El rayo de luz cruza la sala oscura, transporta brillos indecisos, se desliza en la oscuridad, parte de una pequeña ventana donde habita una sombra desconocida, cuidadora del mágico haz. El rayito se expande antes de llegar a su destino y cuando llega explota en la blanca pantalla haciendo un arte maravilloso, iluminando caras perplejas, mostrando mundos e historias que sólo veremos en esta negra sala.

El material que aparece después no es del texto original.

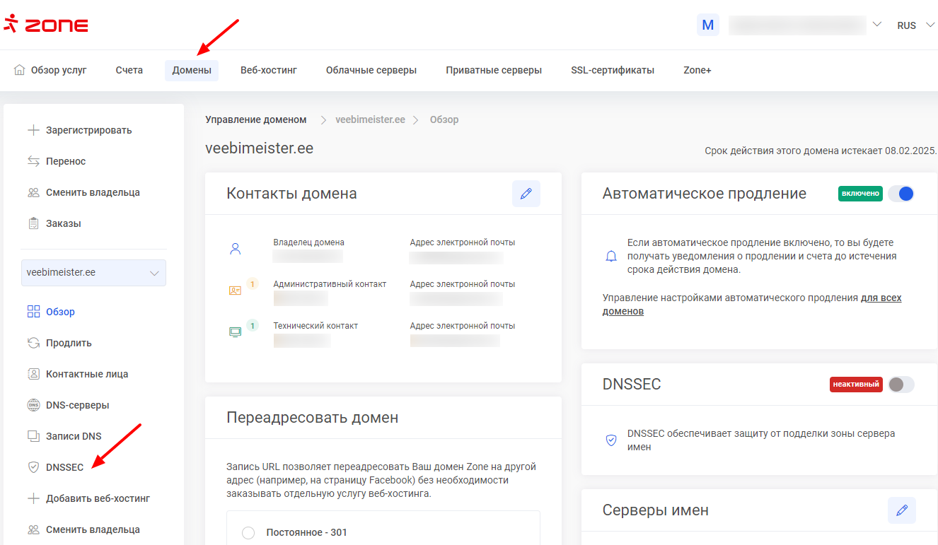 Для этого войдите в Мой Zone, выберите соответствующий домен в меню Домены, щелкните на нем и в левом меню нажмите на DNSSEC.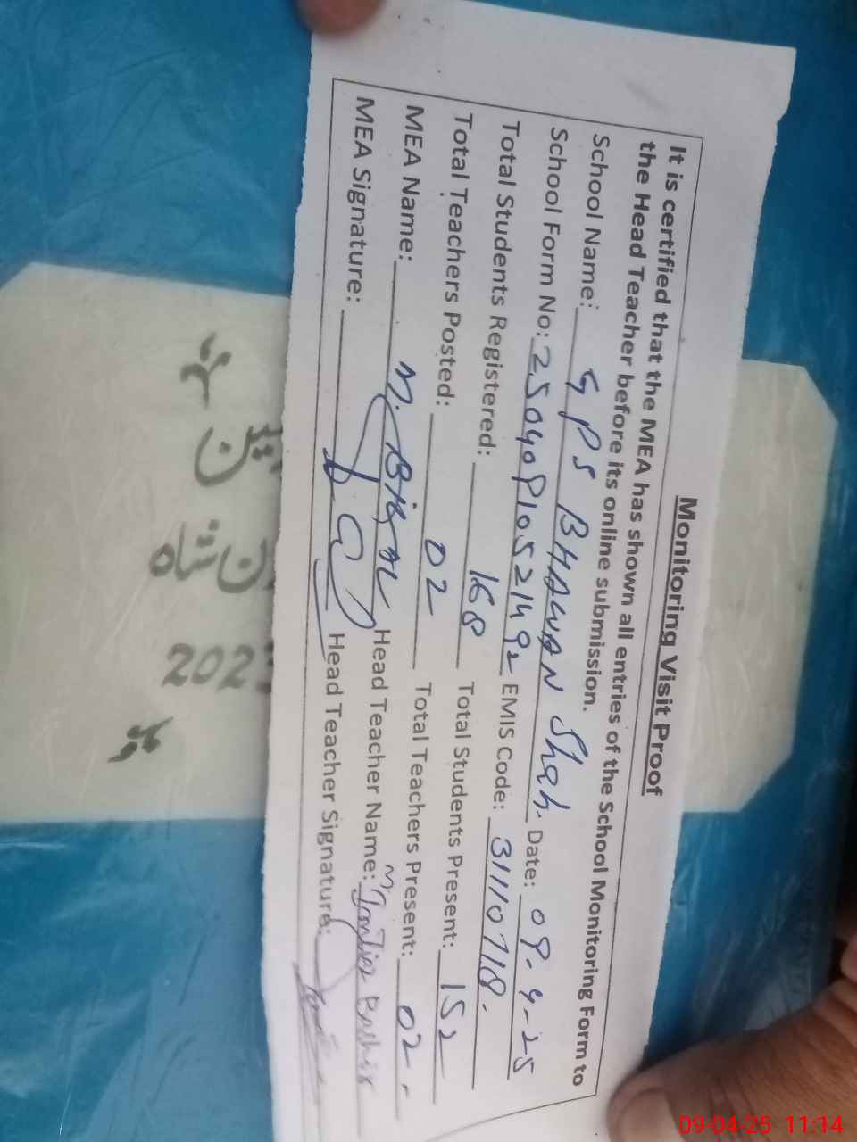 | EMIS Code: 31110118 | Name of School: GPS BHAWAN SHAH | |||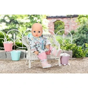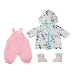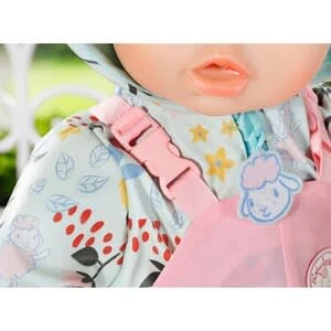 „Regentropfen, die auf das Dächlein klopfen…“ Nun ja, das Dächlein ist hier die Kapuze von Baby Annabells mintfarbenem Regenmantel. Denn sie braucht mit diesem coolen Outfit kein Dächlein über dem Kopf, wenn es regnet. Baby Annabell Deluxe Regen Set von Zapf Creation Latzhose, Regenmantel und Stiefel original Kleidung für die Baby Annabell Markenspielpuppe in 43 cm aus Textil und Kunststoff ab 3 Jahren geeignet Der Mantel ist mit Blumen, Blättern und Blüten des Regenwaldes bedruckt. Dazu trägt die kleine Wassermaus eine rosa Matschhose. Denn auch bei Regen kann im Sandkasten gespielt werden. Diese Pampe aus Sand und Wasser ist einfach grandios! Mit den putzigen Gummistiefeln kann sie an Mamas Händen von Pfütze zu Pfütze hüpfen oder bei schönem Wetter durch die Bächlein auf dem Wasserspielplatz laufen. Das hochwertige Zubehör fördert die Fantasie und bringt neue Spielanregungen und –möglichkeiten.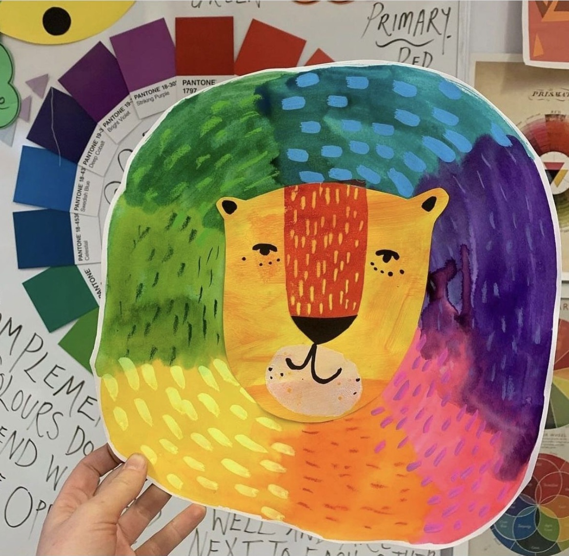 We’ll begin with a bold Color Wheel Lion’s Mane mixed-media artwork, where artists explore primary and secondary colors while creating a vibrant, textured mane full of personality. 🦁

Características letras blancas sobre fondo negro, jazz pasado de moda, sonrío, siempre una letra parecida, siempre una canción distinta y tan sólo eso me arranca la primera sonrisa de mi tarde de cine. Hoy Woody Allen nos lleva a la sórdida montaña rusa de los ricos, a la monótona e interesante vida de los pobres. La cámara se mueve entre el ir y venir del latido de San Francisco, calles atestadas de gente, taxis amarillos, diálogo vibrante. Al parecer Jasmine, pura Blanche DuBois de Tennessee Williams, está en la ruina y los bajos barrios donde vive su desdichada hermana son poco para ella, habla sola, no tiene más que vodka, prozac y una exacerbada concupiscencia. Recuerda días pasados donde su crapuloso marido la callaba con diamantes. Tejemanejes, traumas y una cama con dosel, paisajes que dilatan pupilas, actuaciones y un guión memorable para sentir pena de la que se ha quedado sin un dólar. Aprendiendo que el éxito es inasible para las cajeras de supermercado, pienso en algo de mi vida que se parece a la última escena de la película. El jazz vuelve cuando aparecen los créditos finales, salgo de mi ensimismamiento, me levanto y veo la mitad de mi silueta en la pantalla, hago burla al cansado haz de luz mientras asimilo esta sensacional película, salgo al frío de la calle, cojo su mano y la llevo a un restaurante donde de fondo se escuche Blue Moon.